Кто-то из коридора в это время позвал: "Заходите, товарищи, начнем". Отбрасывая окурки в урну, все потянулись в проем двери.

Представитель расчетного отдела закончил сообщение и взглянул на инженер-полковника Задорогина: мол, будут вопросы?

- Есть вопросы? - спросил полковник и, не желая затягивать молчание, сам ответил: - Нет вопросов. Тогда - главный инженер. Пожалуйста! Характеристика работы систем "Катуни" в ходе облетов, замечания...

Слушая спокойный, негромкий голос инженера - до сознания долетали слова: "устойчивость ручного сопровождения", "переход на автоматическое осуществлялся...", "захват отметок на экранах", - Фурашов невольно думал об ошибках сопровождения, о которых доложил расчетчик, да и инженер начал с них, сказав, что "по малости ошибок тут, кажется, результат получен непревзойденный", но думалось о них почему-то в связи с тем давним - своими делами в Москве, в управлении. Фурашов вновь мысленно перебирал врезавшиеся в память цифры - дальности обнаружения, захвата, тасовал их, как карты, сравнивал в уме одну с другой и не заметил - возбудился, в висках застучали упругие молоточки. Да, маршал Янов прав, тысячу раз прав, не уставая говорить и думать о тех "паучьих гнездах". А Бутаков? Не понимает? Или в чем-то ином тут дело?.. Но вот в руках у тебя, Фурашов, доказательства: новая "сигма" Умнова - лучшее подтверждение твоих прежних выводов. И как же ты поступишь, ты, командир, коммунист, чтобы доказать реальные большие возможности "Катуни"? Как? Хотя есть и обратная сторона медали. Случись в будущем несчастье - можно кивок сделать на технику: ничего не поделаешь, мол, возможности... И все, и ты, командир, ни при чем, у тебя своего рода алиби. Словом, перестраховка обернется в твою пользу. Обернется... Ну, а люди? Тысячи людей? Города, заводы, объекты... Ведь один случай, одно проявление перестраховки - и... потом считай! Цена случайности - это не в прошедшую войну - ой как выросла! Одна "летающая крепость" прорвется, даже "случайно" обронит бомбу - атомную, водородную, - и, значит, города, тысячи людей... И выходит, в том, какой будет дальность действия "Катуни", не простой смысл. И для тебя, Фурашов! Тут сложный узелок, твердый орешек... Тогда там, в Москве, эта проблема возникала как теоретическая, даже в некотором роде абстрактная, теперь она реальная, очевидная. Как ты отнесешься к этому сейчас? Промолчишь, сделаешь вид, что забыл "за давностью"? К тому же никто этого не знает, не видит... Ну, а ты-то? Ты-то сам все это знаешь и понимаешь!..

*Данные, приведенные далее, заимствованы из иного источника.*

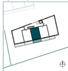
Top 13 // 2. OG // 2 Zimmer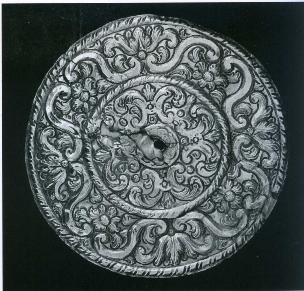
LAMINA 4. Argenteo Palermitano. Aureola (1739-1740). Chiesa di Maria SS. del Carmine, Bisacchino.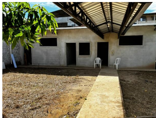
Figura 6 – Evolução da obra. Vista da construção dos vestiários 27/03/24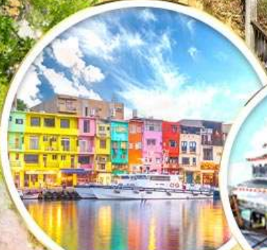
ท่าเรือสายรุ้ง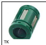
Manicotto a sfere autoallineante Topball, Autoallineante,

Фурашов очнулся от легкого толчка Умнова:

- Алексей, все!

И словно бы в ответ на его слова, Задорогин за председательским местом в торце стола, оглядывая в дымном чаду членов комиссии, спросил:

- Значит, принимаем решение - рекомендовать продолжить госиспытания "Катуни"? Других мнений нет? - И поднялся. - Что ж, товарищи, перерыв! Подготовим протокол, после обсудим и подпишем.

"А что же Сергей? Что же он со своей "сигмой"?"

Фурашов оглянулся - Умнов продвигался к выходу, голова его с чуть просвечивающей проплешиной была возле двери; туда, в узкую горловину, устремились люди, а по́верху, над их головами, слоисто вытекал дым.

Фурашов протолкался наружу, догнав, взял Сергея за рукав пиджака.

- Почему... опять промолчал?

- Ага, промолчал, - с какой-то неожиданной дурашливинкой ответил Умнов.

- Хитришь? Или...

- Скорее "или"... - сказал Умнов, сняв очки, подышал на них, протер платком и, только надевая, сказал: - Эту бомбу надо рвать не тут. Здесь, видел, без того принято решение: по расчетам вчерашних облетов все в норме. А что новая "сигма" даст лучшие показатели - это категория другая... Тут надо наверняка. Понимаешь? Например, на большой комиссии, в Москве.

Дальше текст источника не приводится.